Take the line containing "家居服女 男红色本命年结婚新婚大码 芬腾情侣睡衣春秋纯棉长袖 套装" and every line below it through the end of the entries, and output them verbatim, pictures excluded.

------------------------------------------------------------------------

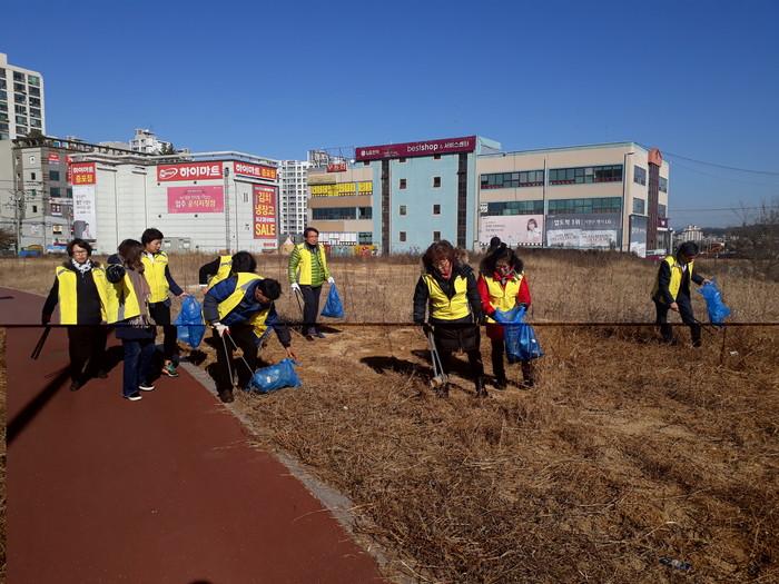 경기 이천시 증포동 민원봉사단은 20일 증포동 일원에서 환경정화활동을 전개했다. 증포동 민원봉사단은 고객만족 서비스를 위해 동행정복지센터 민원실에서 민원별 발급안내 등의 민원안내 봉사를 하고 있다. 사진은 쓰레기를 수거하는 모습. (사진제공=이천시청)
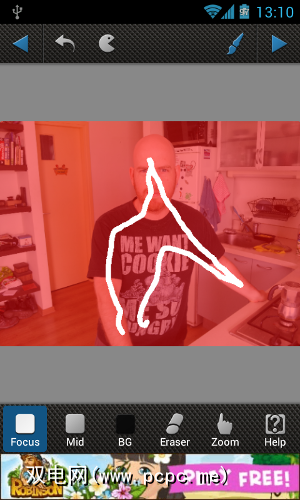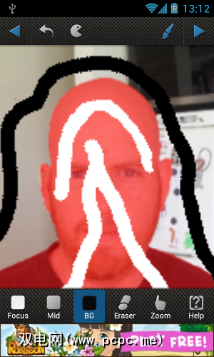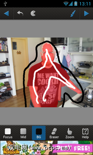 启动AfterFocus时,该应用程序可让您使用内置相机应用程序拍摄照片,或选择现有照片从一个专辑来工作。 “拍摄两张照片"选项在Android上尚未启用。它是为该应用的专业版保留的,该版本将于5月的某个时候在Google Play上发布。这项功能应该可以让After Focus通过拍摄照片,稍微移动相机并拍摄另一张照片来更容易地从背景中检测前景。
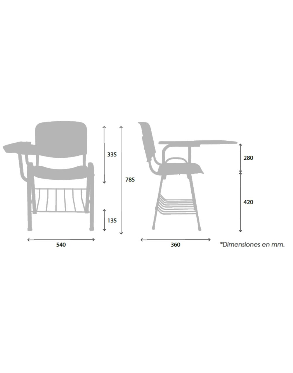 Asiento y Respaldo en dos piezas en polipropileno de alta resistencia y duración.
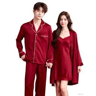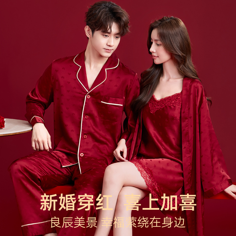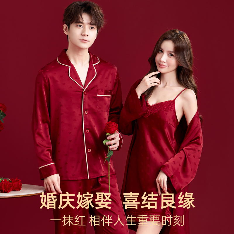 家居服女 男红色本命年结婚新婚大码 芬腾情侣睡衣春秋纯棉长袖 套装
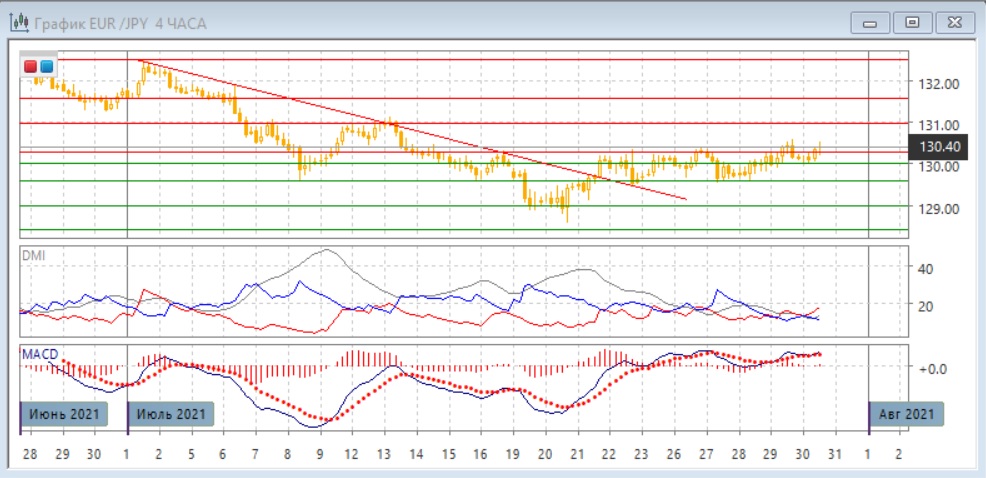 На четырёхчасовом графике пара тестирует верхнюю границу диапазона 129,60-130,30. Так как после возвращения в диапазоне после выхода выше 29 июля пара не снизилась до нижней границы, а снова выросла выше уровня 130,30, шансы на выход вверх увеличиваются. Также предпочтителен выход из диапазона вверх потому. что пара ранее преодолела уровень нисходящего тренда. По индикаторам направленного движения флэт: DM+ и DM- близки, уровень ADX относительно низкий, гистограмма MACD продолжает колебания около нуля.
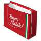 Eine Weihnachtsgeschenktasche mit italienischem Weihnachtswunsch und italienischer Fahne. Es steht "Buon Natale!" und wünscht frohe Weihnachten.

------------------------------------------------------------------------

■ COMPLETED TASK:
 家居服女 男红色本命年结婚新婚大码 芬腾情侣睡衣春秋纯棉长袖 套装
 На четырёхчасовом графике пара тестирует верхнюю границу диапазона 129,60-130,30. Так как после возвращения в диапазоне после выхода выше 29 июля пара не снизилась до нижней границы, а снова выросла выше уровня 130,30, шансы на выход вверх увеличиваются. Также предпочтителен выход из диапазона вверх потому. что пара ранее преодолела уровень нисходящего тренда. По индикаторам направленного движения флэт: DM+ и DM- близки, уровень ADX относительно низкий, гистограмма MACD продолжает колебания около нуля.
 Eine Weihnachtsgeschenktasche mit italienischem Weihnachtswunsch und italienischer Fahne. Es steht "Buon Natale!" und wünscht frohe Weihnachten.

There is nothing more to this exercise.